• _About this exercise_
Copy down every line of the data that follows exactly. Omit the pictures.

• _Data shown_
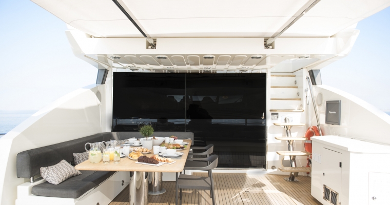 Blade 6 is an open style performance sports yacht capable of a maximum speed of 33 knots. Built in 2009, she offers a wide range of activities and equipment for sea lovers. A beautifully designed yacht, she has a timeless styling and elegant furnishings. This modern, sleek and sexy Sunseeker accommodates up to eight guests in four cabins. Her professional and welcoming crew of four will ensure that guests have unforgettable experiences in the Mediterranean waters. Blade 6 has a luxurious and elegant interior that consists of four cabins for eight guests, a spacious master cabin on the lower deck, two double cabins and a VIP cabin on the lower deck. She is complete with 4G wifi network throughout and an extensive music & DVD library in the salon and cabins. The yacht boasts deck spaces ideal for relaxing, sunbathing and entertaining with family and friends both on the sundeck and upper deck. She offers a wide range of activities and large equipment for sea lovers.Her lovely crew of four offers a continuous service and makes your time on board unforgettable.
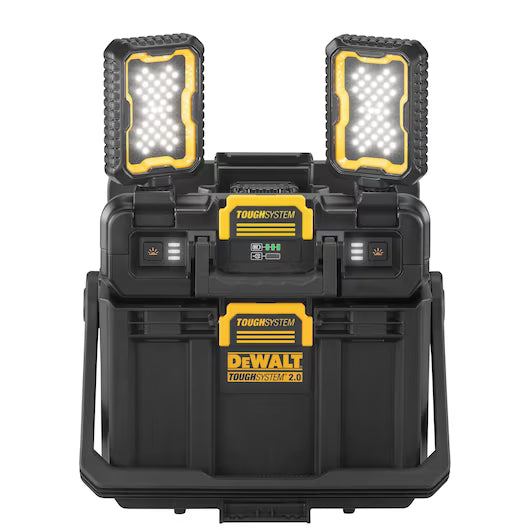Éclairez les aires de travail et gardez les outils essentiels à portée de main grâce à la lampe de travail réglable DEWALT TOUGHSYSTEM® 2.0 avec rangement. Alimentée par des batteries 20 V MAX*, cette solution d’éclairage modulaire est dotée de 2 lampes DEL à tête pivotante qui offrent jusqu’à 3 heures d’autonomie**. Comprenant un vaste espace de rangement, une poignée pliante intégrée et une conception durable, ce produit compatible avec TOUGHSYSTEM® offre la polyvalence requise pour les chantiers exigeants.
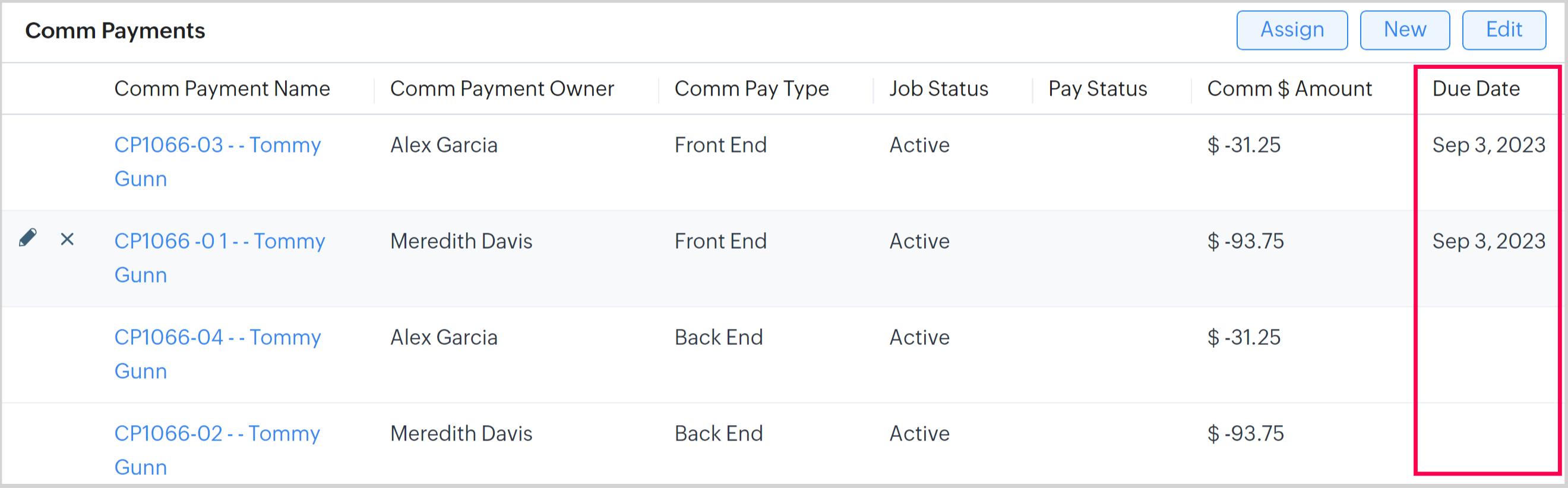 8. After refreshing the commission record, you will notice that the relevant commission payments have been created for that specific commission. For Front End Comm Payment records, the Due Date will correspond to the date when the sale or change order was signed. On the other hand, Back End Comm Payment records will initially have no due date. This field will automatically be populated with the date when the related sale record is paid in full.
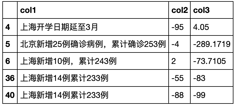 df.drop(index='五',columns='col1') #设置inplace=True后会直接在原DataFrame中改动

• _Task answer_
 Blade 6 is an open style performance sports yacht capable of a maximum speed of 33 knots. Built in 2009, she offers a wide range of activities and equipment for sea lovers. A beautifully designed yacht, she has a timeless styling and elegant furnishings. This modern, sleek and sexy Sunseeker accommodates up to eight guests in four cabins. Her professional and welcoming crew of four will ensure that guests have unforgettable experiences in the Mediterranean waters. Blade 6 has a luxurious and elegant interior that consists of four cabins for eight guests, a spacious master cabin on the lower deck, two double cabins and a VIP cabin on the lower deck. She is complete with 4G wifi network throughout and an extensive music & DVD library in the salon and cabins. The yacht boasts deck spaces ideal for relaxing, sunbathing and entertaining with family and friends both on the sundeck and upper deck. She offers a wide range of activities and large equipment for sea lovers.Her lovely crew of four offers a continuous service and makes your time on board unforgettable.
Éclairez les aires de travail et gardez les outils essentiels à portée de main grâce à la lampe de travail réglable DEWALT TOUGHSYSTEM® 2.0 avec rangement. Alimentée par des batteries 20 V MAX*, cette solution d’éclairage modulaire est dotée de 2 lampes DEL à tête pivotante qui offrent jusqu’à 3 heures d’autonomie**. Comprenant un vaste espace de rangement, une poignée pliante intégrée et une conception durable, ce produit compatible avec TOUGHSYSTEM® offre la polyvalence requise pour les chantiers exigeants.
 8. After refreshing the commission record, you will notice that the relevant commission payments have been created for that specific commission. For Front End Comm Payment records, the Due Date will correspond to the date when the sale or change order was signed. On the other hand, Back End Comm Payment records will initially have no due date. This field will automatically be populated with the date when the related sale record is paid in full.
 df.drop(index='五',columns='col1') #设置inplace=True后会直接在原DataFrame中改动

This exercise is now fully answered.